L’hebdomadaire français « L’Obs », qui y consacre un très instructif article, indique que Daech s’est approprié ce document. Celui-ci, très en avance sur l’actualité de l’époque, sert aujourd’hui de « feuille de route » au responsables de l’Etat islamique. Abu Bakr Naji développe en effet dans son livre le concept de « territorialisation » du djihadisme, donc de l’édification d’un califat. Mais surtout, il décrit avec un luxe de précisions les étapes à suivre et les méthodes à employer pour atteindre ce but.
Il préconise notamment « l’épuisement et la démoralisation » de l’ennemi en répandant dans le cœur de celui-ci « une terreur qui n’aura pas de fin ». Le combat prendra la forme d’un harcèlement continu et intégrera une montée en puissance de la violence. Le document insiste tout particulièrement sur l’usage de l’arme de la communication et il définit « la dimension médiatique » du combat comme « une colonne vertébrale » dont il faut prendre soin.

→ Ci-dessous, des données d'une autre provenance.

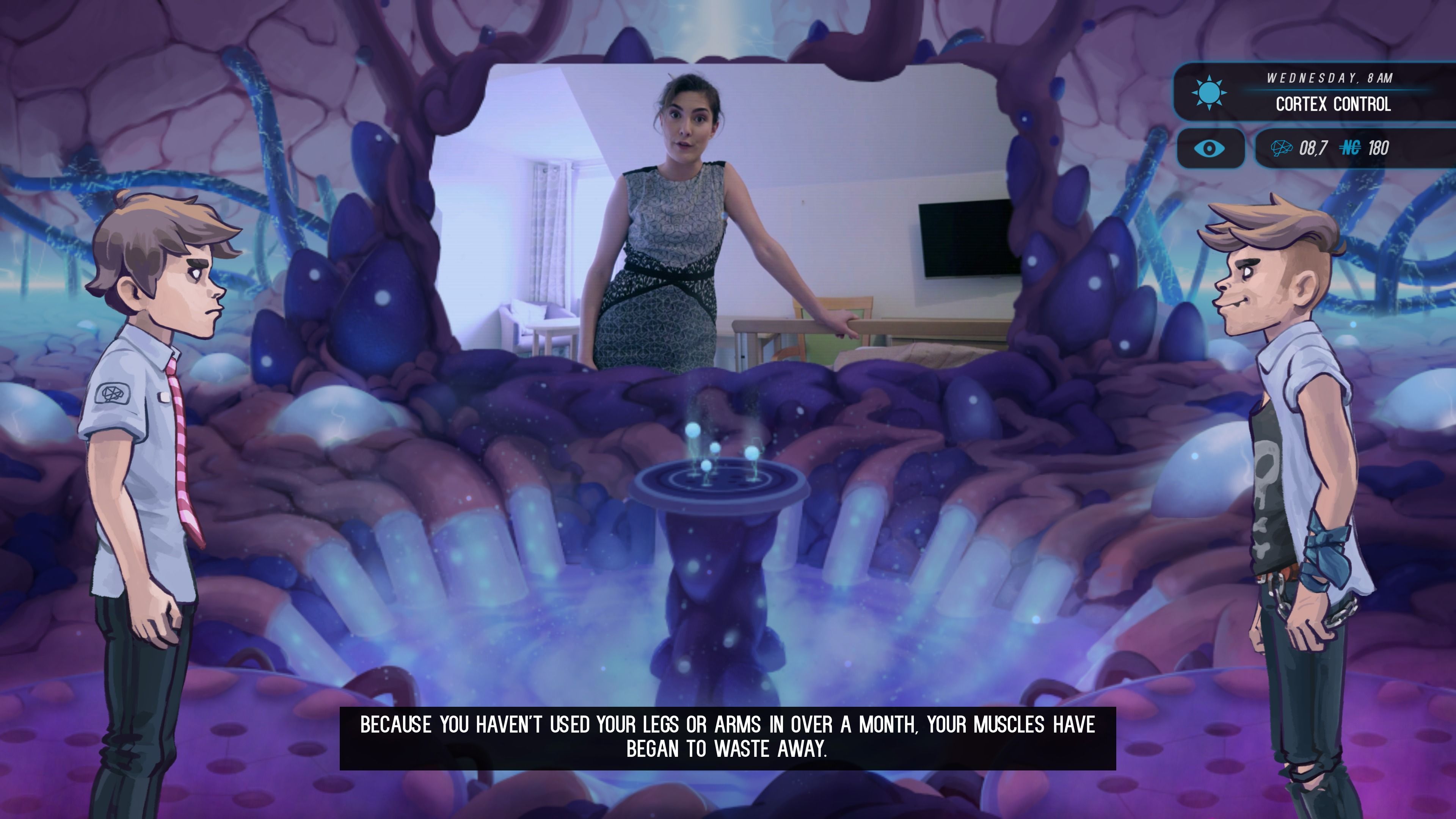 Para descubrir qué ha pasado tenemos que reparar el cerebro desde dentro, y sólo podemos hacer una cantidad de cosas determinadas cada día. Mientras Theo está despierto tendremos que realizar ciertas tareas. Por una parte, tendremos que hablar con la gente que viene a visitarnos –la doctora, un amigo, un detective...–, y por otra parte podemos hacer una serie de pruebas para ayudar a recuperar nuestro cerebro, y ganar de paso los puntos necesarios para arreglar departamentos y contratar neuroempleados.

Abu Bakr Naji attire aussi l’attention sur l’exploitation par les djihadistes des divisions existant au sein des populations qu’ils veulent soumettre et sur la captation en priorité de la jeunesse. Dans la gestion des populations du califat, le document propose un traitement duel qui allie d’un côté, la fourniture de prestations sociales de qualité et de l’autre, l’application de châtiments traumatisants en cas de tentative de résistance. Les faits montrent que Daech applique systématiquement les préconisations de « l’Administration de la sauvagerie ». Dans les territoires qu’il occupe, les exécutions les plus barbares se sont enchaînées aussi bien sur les otages et les prisonniers militaires que sur les populations jugées récalcitrantes. Toujours avec la même volonté : en frappant d’effroi les esprits, les djihadistes sapent l’aptitude au combat des troupes régulières sommairement formées qui les affrontent et réduisent la résistance des populations mises sous occupation.
L’INFLUENCE TRANSVERSALE DE L’EI
Les spécialistes du terrorisme avaient nettement exclus, il y a quelques mois, une vraie coordination d’action entre les djihadistes d’Afrique et ceux de l’Etat islamique, malgré l’allégeance déclarée de Boko Haram envers Daech. A notre avis, le jugement est à nuancer. L’EI, qui est toujours investi dans son projet d’expansion moyen-oriental, se satisfait surtout d’inspirer d’autres mouvements. Ceux-ci répliquent ouvertement ses méthodes et adoptent ses mots d’ordre.
Boko Haram, qui se signalait déjà par ses méthodes particulièrement sanguinaires, a franchi au cours de ce mois de Ramadan un degré supplémentaire dans la barbarie. Comme en témoigne le chiffre effroyable de 200 morts au Nigéria en trois jours entre le mercredi 1er et le vendredi 3 juillet. Comme en témoignent les tueries froidement perpétrées à l’heure de la rupture du jeûne, à un moment où les fidèles abdiquent de toute méfiance. Comme en témoigne le scénario inimaginable mis en œuvre dans la localité de Zabarmari dans l’Etat du Bornéo et qui consistait à envoyer des femmes kamikaze actionner leur ceinture d’explosifs au milieu de la colonne des femmes et des enfants qui s’enfuyaient du village attaqué.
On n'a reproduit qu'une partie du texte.